Problem details — Reproduced exactly, the lines from the start of the material through the line containing "Kuva 2. Laivaliikenteen" should be the whole answer, with pictures excluded.

★ ★ ★ ★ ★

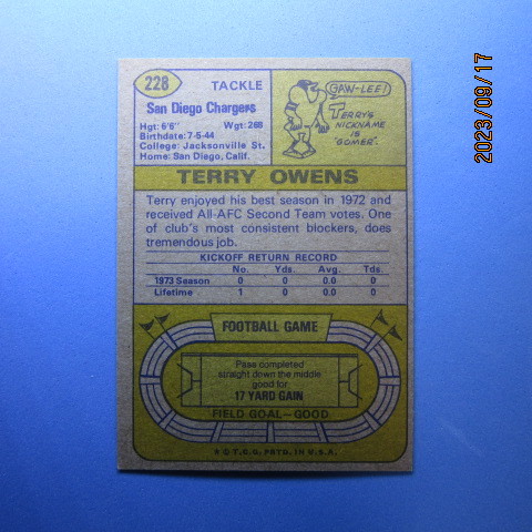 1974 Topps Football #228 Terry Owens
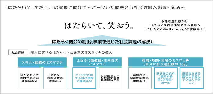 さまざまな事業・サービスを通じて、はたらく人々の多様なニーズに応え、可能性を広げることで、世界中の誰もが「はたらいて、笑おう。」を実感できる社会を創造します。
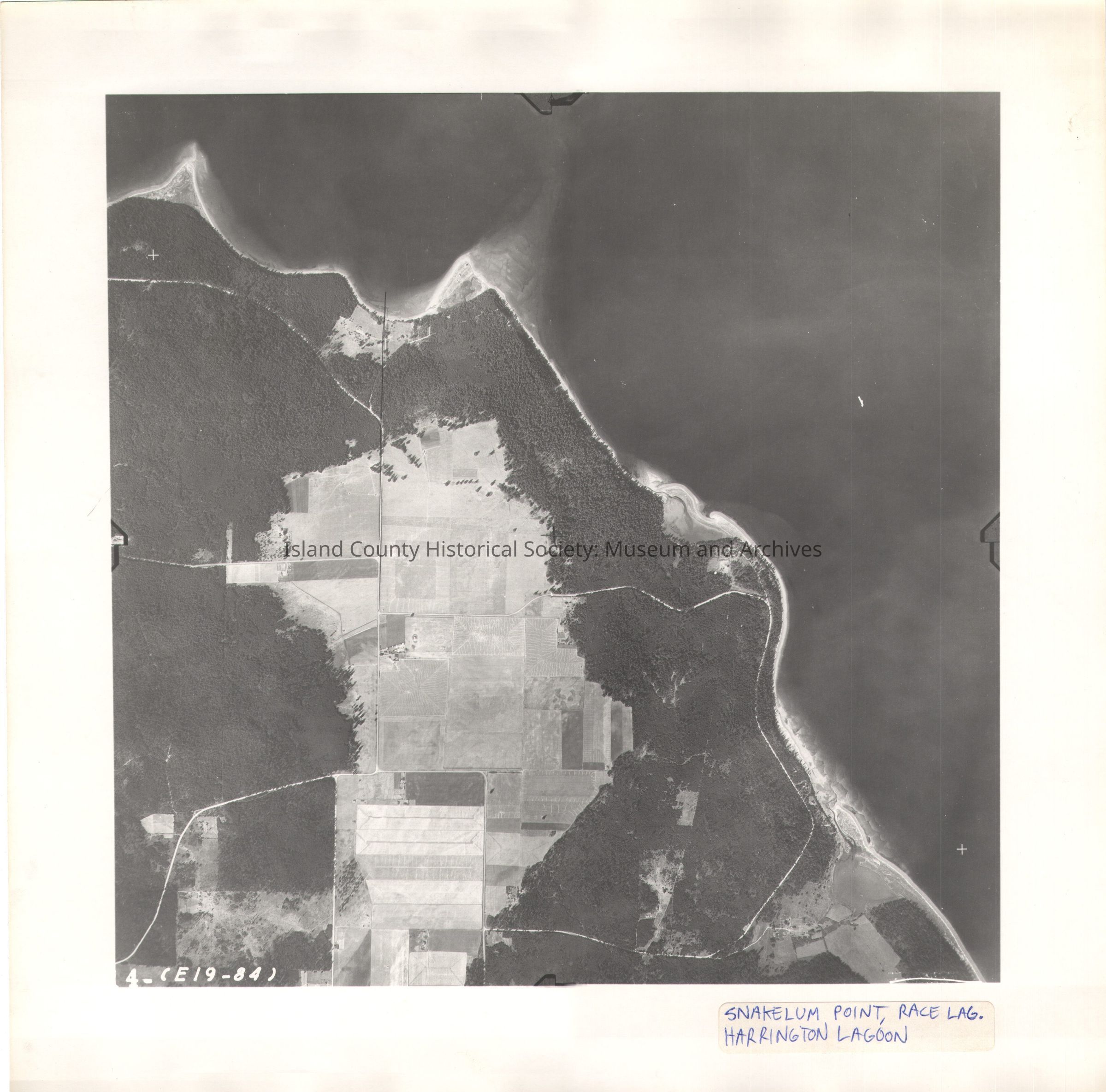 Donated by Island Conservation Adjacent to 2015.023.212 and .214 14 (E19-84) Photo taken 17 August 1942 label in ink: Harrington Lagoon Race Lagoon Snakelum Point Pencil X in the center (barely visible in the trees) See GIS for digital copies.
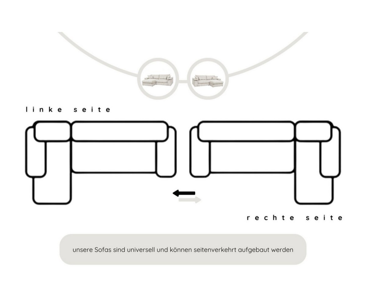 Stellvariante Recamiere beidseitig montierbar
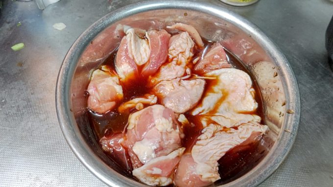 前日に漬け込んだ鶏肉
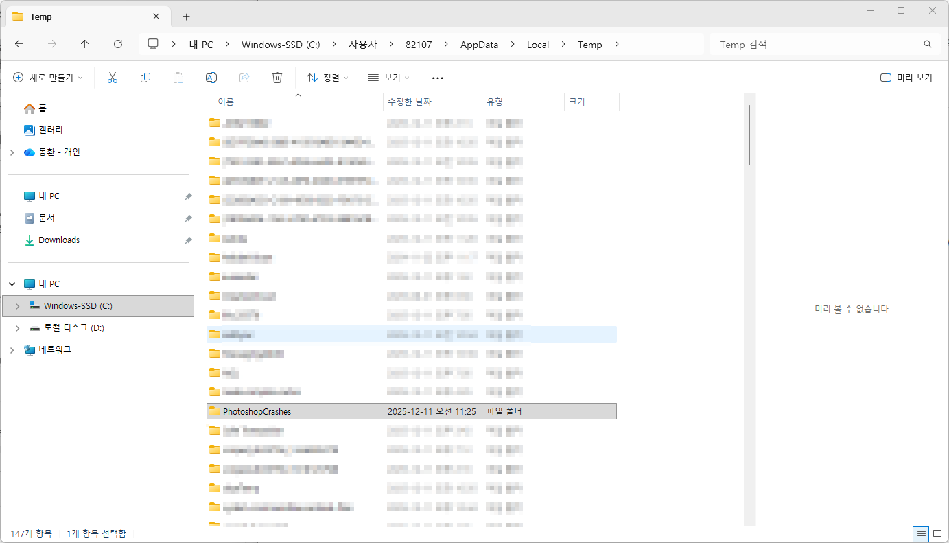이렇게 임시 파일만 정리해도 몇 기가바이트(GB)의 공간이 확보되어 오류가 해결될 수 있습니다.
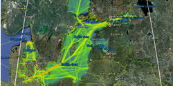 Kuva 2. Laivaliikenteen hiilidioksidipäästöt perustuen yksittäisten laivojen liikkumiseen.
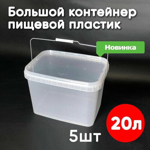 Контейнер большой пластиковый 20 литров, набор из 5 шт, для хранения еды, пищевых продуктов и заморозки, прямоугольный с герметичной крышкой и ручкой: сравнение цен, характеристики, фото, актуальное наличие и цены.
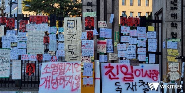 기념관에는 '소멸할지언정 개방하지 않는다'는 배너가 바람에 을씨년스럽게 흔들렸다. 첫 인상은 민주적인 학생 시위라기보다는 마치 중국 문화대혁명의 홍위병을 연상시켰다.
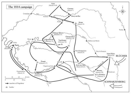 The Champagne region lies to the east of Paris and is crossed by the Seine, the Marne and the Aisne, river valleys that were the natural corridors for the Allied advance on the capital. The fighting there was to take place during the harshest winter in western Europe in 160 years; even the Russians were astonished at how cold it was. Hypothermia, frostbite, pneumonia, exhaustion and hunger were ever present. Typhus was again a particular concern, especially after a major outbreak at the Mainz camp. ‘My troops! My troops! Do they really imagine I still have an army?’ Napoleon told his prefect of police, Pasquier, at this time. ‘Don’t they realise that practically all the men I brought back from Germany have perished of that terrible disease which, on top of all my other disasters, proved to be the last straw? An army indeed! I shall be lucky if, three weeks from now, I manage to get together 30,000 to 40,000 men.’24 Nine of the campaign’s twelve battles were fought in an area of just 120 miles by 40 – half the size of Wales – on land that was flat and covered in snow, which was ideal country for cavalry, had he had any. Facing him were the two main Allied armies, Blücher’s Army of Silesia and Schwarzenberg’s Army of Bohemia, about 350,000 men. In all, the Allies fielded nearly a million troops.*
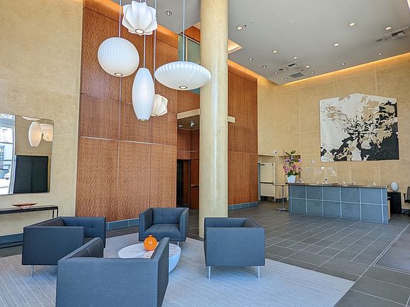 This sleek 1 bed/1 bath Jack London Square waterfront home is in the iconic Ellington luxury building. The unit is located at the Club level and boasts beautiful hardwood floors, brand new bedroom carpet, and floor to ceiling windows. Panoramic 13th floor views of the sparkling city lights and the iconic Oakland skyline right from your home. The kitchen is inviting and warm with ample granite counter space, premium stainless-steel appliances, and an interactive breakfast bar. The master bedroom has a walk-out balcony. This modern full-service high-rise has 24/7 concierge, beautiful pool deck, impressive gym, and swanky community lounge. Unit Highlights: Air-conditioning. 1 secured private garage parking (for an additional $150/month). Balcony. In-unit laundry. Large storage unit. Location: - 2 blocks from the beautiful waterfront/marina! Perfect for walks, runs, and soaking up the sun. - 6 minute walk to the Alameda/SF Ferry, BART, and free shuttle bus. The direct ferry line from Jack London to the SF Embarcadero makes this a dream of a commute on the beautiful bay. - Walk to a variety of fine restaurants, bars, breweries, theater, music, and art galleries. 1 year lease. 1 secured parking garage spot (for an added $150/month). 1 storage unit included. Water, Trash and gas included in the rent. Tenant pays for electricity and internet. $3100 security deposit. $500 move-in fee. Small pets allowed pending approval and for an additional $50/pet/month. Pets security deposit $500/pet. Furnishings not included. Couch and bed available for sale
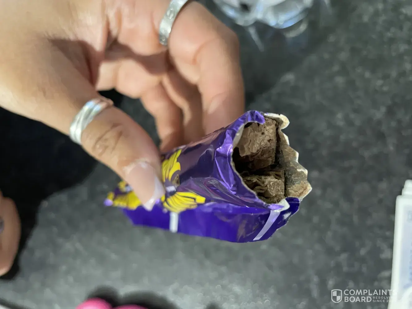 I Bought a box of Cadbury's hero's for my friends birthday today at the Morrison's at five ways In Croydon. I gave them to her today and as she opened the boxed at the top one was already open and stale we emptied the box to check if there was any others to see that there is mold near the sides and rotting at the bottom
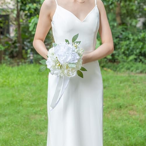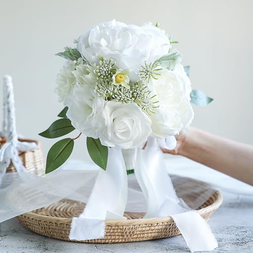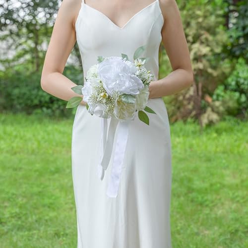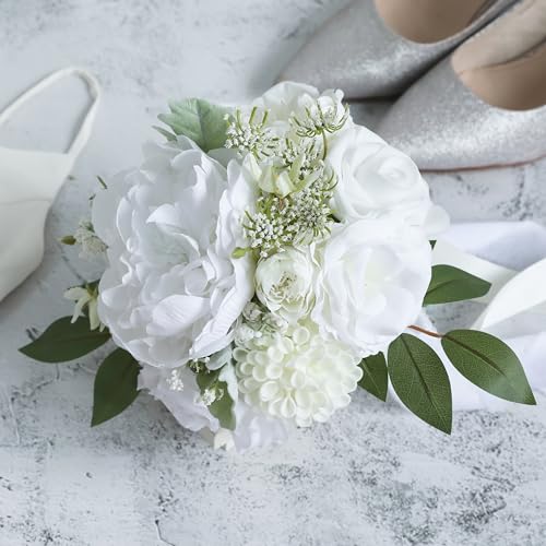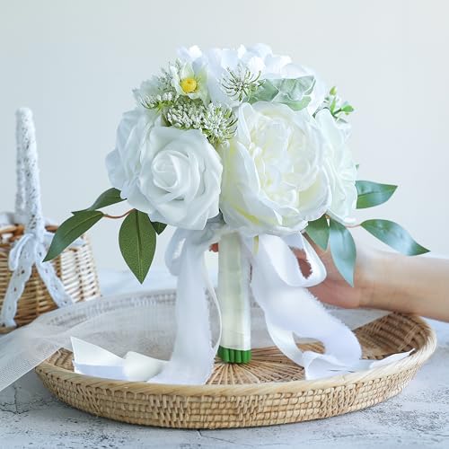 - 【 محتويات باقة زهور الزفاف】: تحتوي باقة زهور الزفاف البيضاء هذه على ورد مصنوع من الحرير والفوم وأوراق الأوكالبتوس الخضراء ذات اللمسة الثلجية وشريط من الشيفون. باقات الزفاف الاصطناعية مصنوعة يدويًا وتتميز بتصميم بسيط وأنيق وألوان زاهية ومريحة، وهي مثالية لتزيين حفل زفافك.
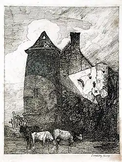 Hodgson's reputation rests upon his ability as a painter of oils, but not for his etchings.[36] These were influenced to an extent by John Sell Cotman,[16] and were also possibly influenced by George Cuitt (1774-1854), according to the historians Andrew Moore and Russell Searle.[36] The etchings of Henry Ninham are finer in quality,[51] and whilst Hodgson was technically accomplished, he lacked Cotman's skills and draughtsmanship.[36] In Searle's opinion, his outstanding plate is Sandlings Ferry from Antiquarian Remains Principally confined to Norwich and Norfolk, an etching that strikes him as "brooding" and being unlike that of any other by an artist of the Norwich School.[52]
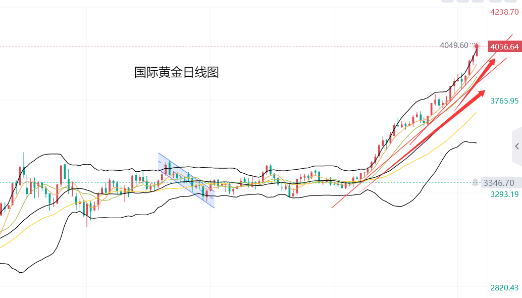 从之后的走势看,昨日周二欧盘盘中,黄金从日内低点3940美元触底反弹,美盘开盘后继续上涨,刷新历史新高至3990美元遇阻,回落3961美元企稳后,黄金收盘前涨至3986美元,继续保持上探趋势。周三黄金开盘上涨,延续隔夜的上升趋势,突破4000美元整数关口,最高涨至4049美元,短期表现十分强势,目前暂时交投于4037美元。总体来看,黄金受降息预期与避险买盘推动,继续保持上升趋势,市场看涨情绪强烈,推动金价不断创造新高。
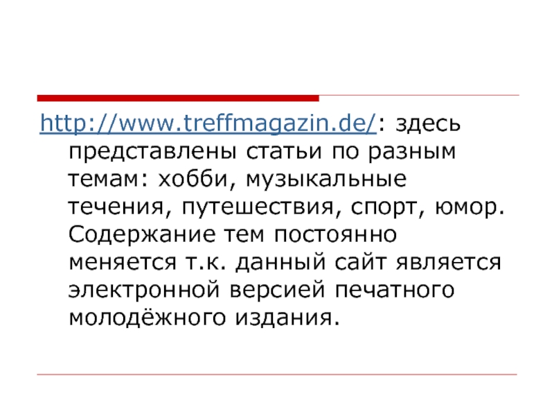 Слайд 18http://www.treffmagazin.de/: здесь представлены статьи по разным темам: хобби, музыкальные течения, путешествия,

★ ★ ★ ★ ★

Answer space —
 1974 Topps Football #228 Terry Owens
 さまざまな事業・サービスを通じて、はたらく人々の多様なニーズに応え、可能性を広げることで、世界中の誰もが「はたらいて、笑おう。」を実感できる社会を創造します。
 Donated by Island Conservation Adjacent to 2015.023.212 and .214 14 (E19-84) Photo taken 17 August 1942 label in ink: Harrington Lagoon Race Lagoon Snakelum Point Pencil X in the center (barely visible in the trees) See GIS for digital copies.
 Stellvariante Recamiere beidseitig montierbar
 前日に漬け込んだ鶏肉
이렇게 임시 파일만 정리해도 몇 기가바이트(GB)의 공간이 확보되어 오류가 해결될 수 있습니다.
 Kuva 2. Laivaliikenteen hiilidioksidipäästöt perustuen yksittäisten laivojen liikkumiseen.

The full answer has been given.